‘Ex Pavan’, i residenti diffidano il Comune dalla demolizione dell’edificio

28.03.2024 – 13:29 – L’area ex Pavan. Una storia che sembra non avere fine. Dopo l’ufficializzazione da parte del sindaco Roberto Dipiazza, nel Consiglio comunale tenutosi il 25 marzo 2024, delle demolizioni dell’edificio ex Pavan a San Giacomo, annunciando la costruzione di una nuova palestra per la scuola in via Frausin. A rispondere, in sede di Consiglio comunale è stato il consigliere di Adesso Trieste, Riccardo Laterza che ha sollevato dubbi riguardo le condizioni normative per l’edificazione della nuova struttura: “Si legge, sul cartello di informazione relativa al cantiere dei lavori che si tratta di un intervento di demolizione e di ricostruzione e che quindi sono partiti effettivamente i lavori per realizzare una struttura che, ad oggi, stante il piano regolatore e le norme vigenti, non è possibile realizzare.” Una posizione appoggiata dall’Organizzazione Insieme per San Giacomo, che da mesi sta cercando di far luce sul progetto, residenti che oggi hanno deciso di diffidare il Comune di Trieste dall’effettuare, per mezzo della ditta appaltatrice CP Costruzioni SL, la programmata demolizione del fabbricato prospiciente la pubblica via, della tettoia posta all’interno e di alcuni altri manufatti di via Luigi Frausin 7 (ex Pavan) per: assenza di conformità urbanistica, ovvero della regolare approvazione sia dell’annunciata Variante al Piano Regolatore Generale Comunale, sia del progetto definitivo, sia del progetto esecutivo per la realizzazione dell’Impianto sportivo indoor di via Frausin.

In risposta l’assessore ai lavori pubblici, Elisa Lodi, la quale ha sostenuto che la variante urbanistica in discussione riguarda solo l’esecuzione della struttura sportiva e non le demolizioni, ha affermato: “Per quanto riguarda nello specifico le demolizioni, sono state approvate con determina dirigenziale 880 del 2024, 06/03/2024, in parziale attuazione del piano di fattibilità tecnico-economico rafforzato e già appaltato, al fine di avere l’immediata disponibilità delle aree per le valutazioni e attività ulteriori progettuali.” “Il progetto definitivo”, continua Lodi riferendosi a Laterza, “come ben sa lei, è già stato depositato ed è in Comune. La variante urbanistica in corso, passata oggi in giunta con il collega Babuder, riguarda le esecuzioni della struttura sportiva, mentre le demolizioni sono da essa non connesse urbanisticamente.”

L’addetto stampa del comitato Insieme per San Giacomo, Paolo Radivo dichiara: “Quanto affermato dal Sindaco Dipiazza 3 giorni fa è avvenuto in modo, per noi, inedito.
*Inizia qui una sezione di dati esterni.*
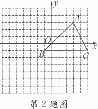 2. (2025·编写)如图,方格纸中的每一个小方格都是边长为$1$的正方形,我们把以格点间连线为边的三角形称为“格点三角形”,图中的$\triangle ABC$是格点三角形,在建立平面直角坐标系后,点$B的坐标为(-1,-1)$,在方格纸中把$\triangle ABC以点A$为位似中心放大,使放大前后对应边的比为$1:2$,则点$B的对应点B'$的坐标为____。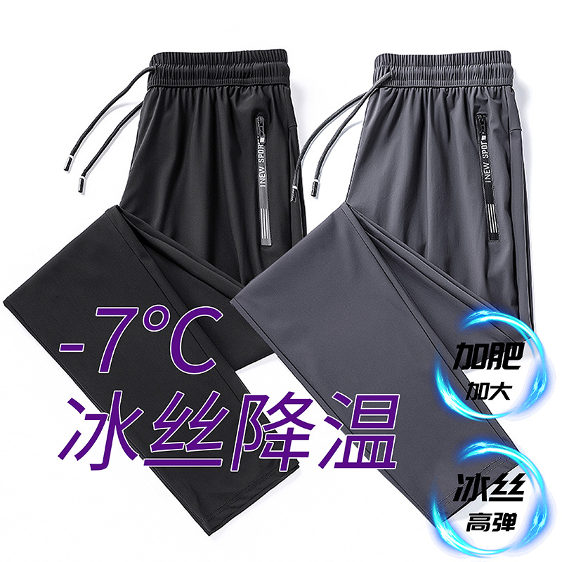 Ice silk pants Men's summer thin men's casual pants Breathable, tight-fitting, loose, high-elasticity, quick-drying air-conditioned sports pants
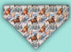 We print the bandanas in house. The design is adjusted for each size so it looks good no matter how big or how small the bandana.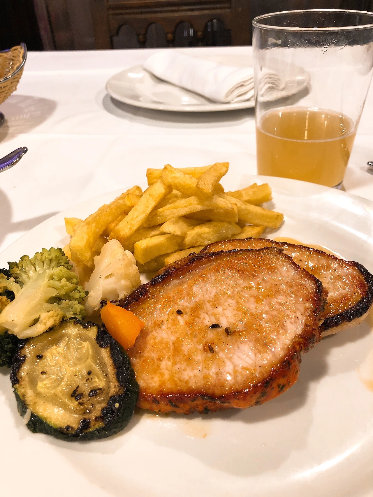 샤워 마치고 레몬 맥주 원샷하다. 순례자 메뉴로 나온 풍성한 샐러드와 스테이크로 배를 채우다.
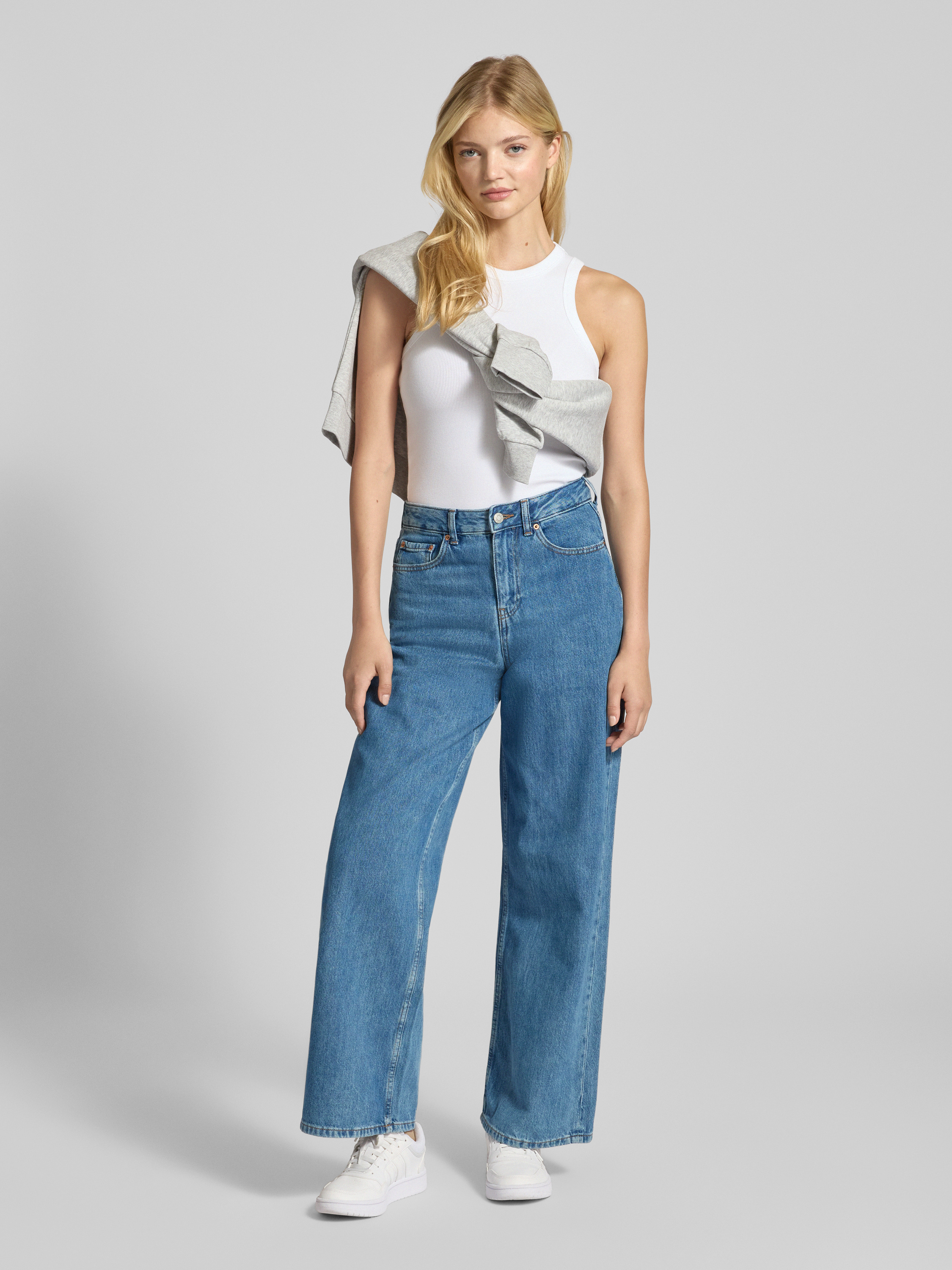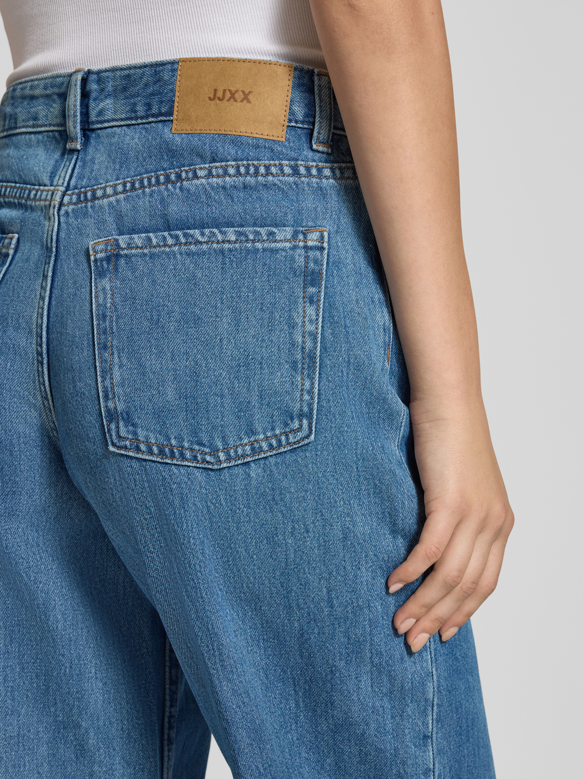 Die Damen Jeans von JJXX, Modell 'TOKYO', fällt durch ihren weiten Schnitt und das klassische 5-Pocket-Design auf. Ein Baumwoll-Elasthan-Mix sorgt für angenehmen Tragekomfort, während die entspannte Passform Bewegungsfreiheit im Alltag ermöglicht. Besonders vielseitig lässt sich diese Wide Leg Jeans kombinieren.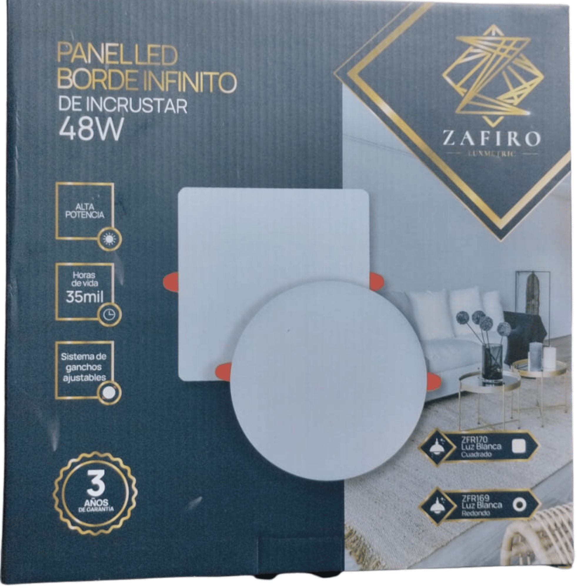 PANEL LED BORDE INFINITO ZAFIRO REDONDO 48W SOBREPONER LUZ BLANCA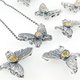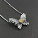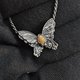 設計靈感源於蝴蝶的優雅與夢幻,以絲摺紋理半浮雕的質感配合純銀氧化的顏色深淺變化,展現蝴蝶飄舞的動感與活力。天然黃色系蛋白石,在光線下閃耀著橘紅色的油彩,有如灑落於林葉間的溫暖陽光.令人注目嚮往。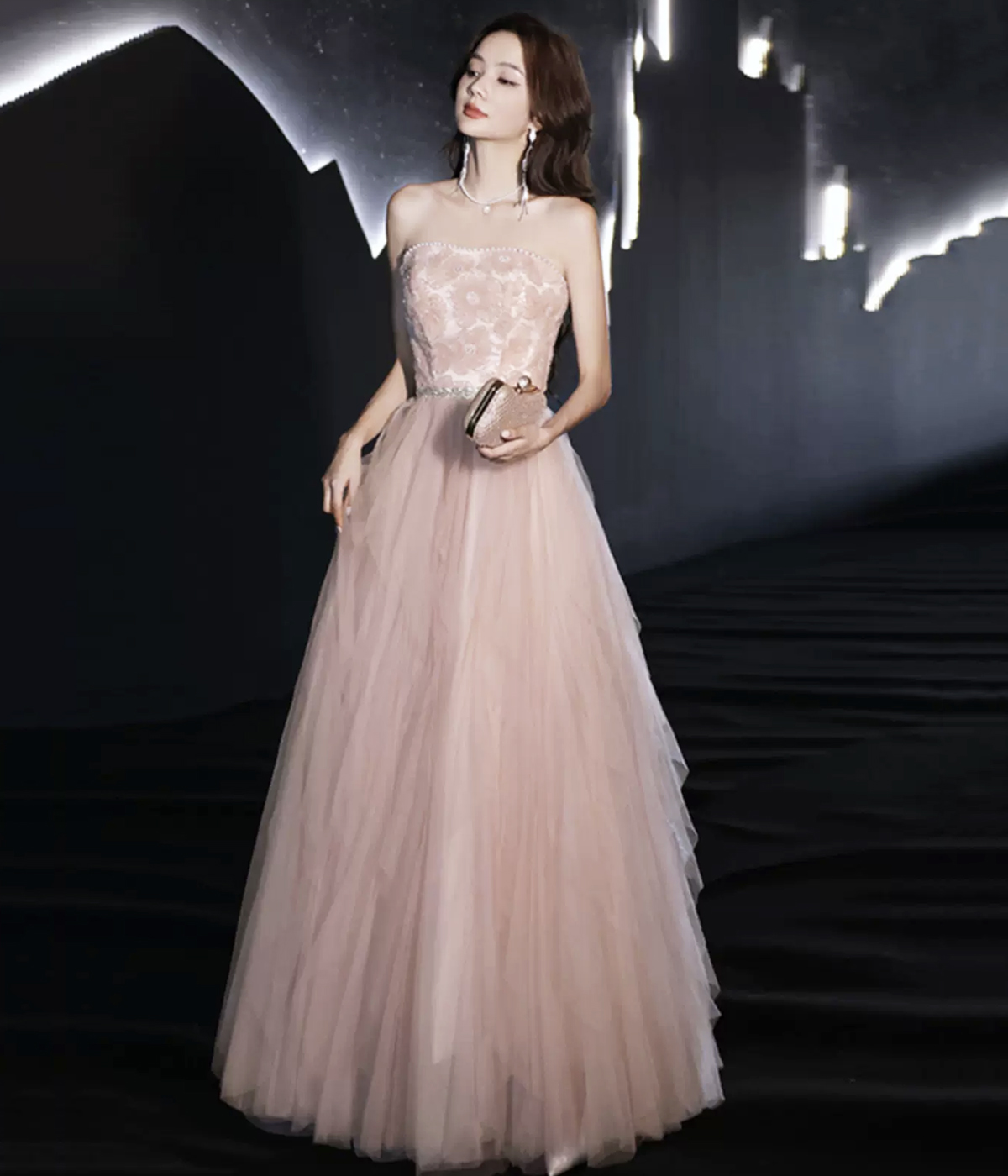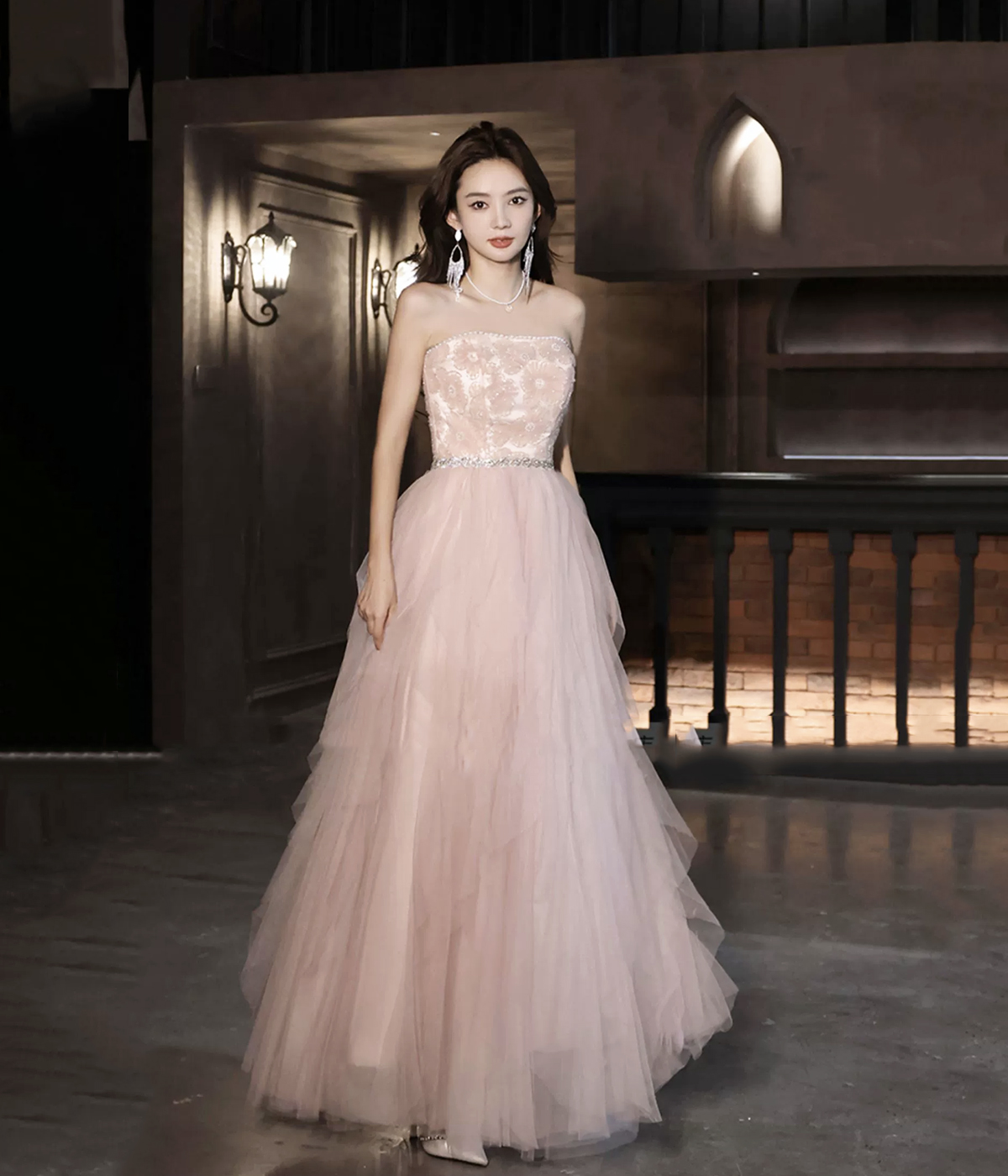 - Pink Strapless Tulle Long Ball Gown with Flowers -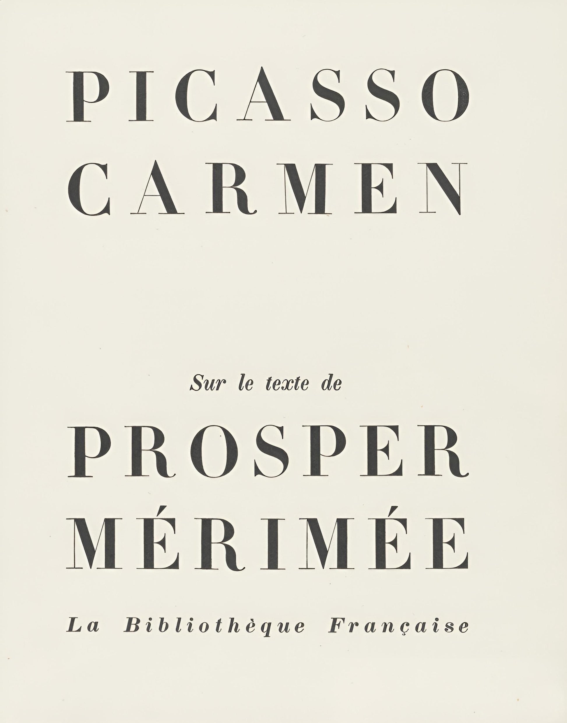 This exquisite engraving by Pablo Picasso (18811973), titled Sans titre (Untitled), from the folio Picasso, Carmen (Picasso, Carmen), originates from the 1949 edition published by La Bibliotheque Francaise, Paris; printed by Atelier Lacouriere-Frelaut, Paris, under the direction of Roger Lacouriere, Paris, October 25, 1949. This compelling composition reflects Picassos mastery of intaglio technique, where incisive line, dramatic contrast, and expressive distortion converge to translate the passionate intensity of Prosper Merimees celebrated narrative into a powerful graphic language.

È importante però precisare che quanto detto dal primo cittadino è errato, il fatto che la nuova palestra sarà utilizzata dalla Scuola Frausin, non è possibile, poiché, la Scuola Frausin non esiste. Esistono 3 scuole in via Frausin: asilo, elementari e medie, non una “Scuola Frausin” – precisazione necessaria da fare. Si tratta di un sito sbagliato per realizzare una palestra, che tra l’altro c’è già, semicoperta con a fianco un giardino e utilizzata fino a dicembre dagli alunni della scuola di Via Frausin. Da dicembre, è stata resa inutilizzabile dal Comune che ha impedito alle tre scuole di continuare a fruire del campo di pallacanestro coperto e del giardino dell’ex Pavan per le attività di pre-accoglienza, educazione fisica e ricreazione.”

“A differenza dell’edificio – continua Radivo – che è inutilizzabile, l’area invece è praticabile e lo è stata fino a dicembre. Noi attraverso la diffida vogliamo sospendere i lavori, vogliamo che venga seguito l’iter corretto, che ci sia un progetto definitivo e successivamente esecutivo. Ora non ci sono le condizioni dal punto di vista delle norme urbanistiche vigenti per poterlo erigere e sappiamo anche che la progettazione definitiva esecutiva, che è stata consegnata qualche giorno fa dall’appaltatore al Comune, non può essere chiaramente validata perché manca ancora la variante urbanistica.”

Questa mattina i lavori sono stati sospesi.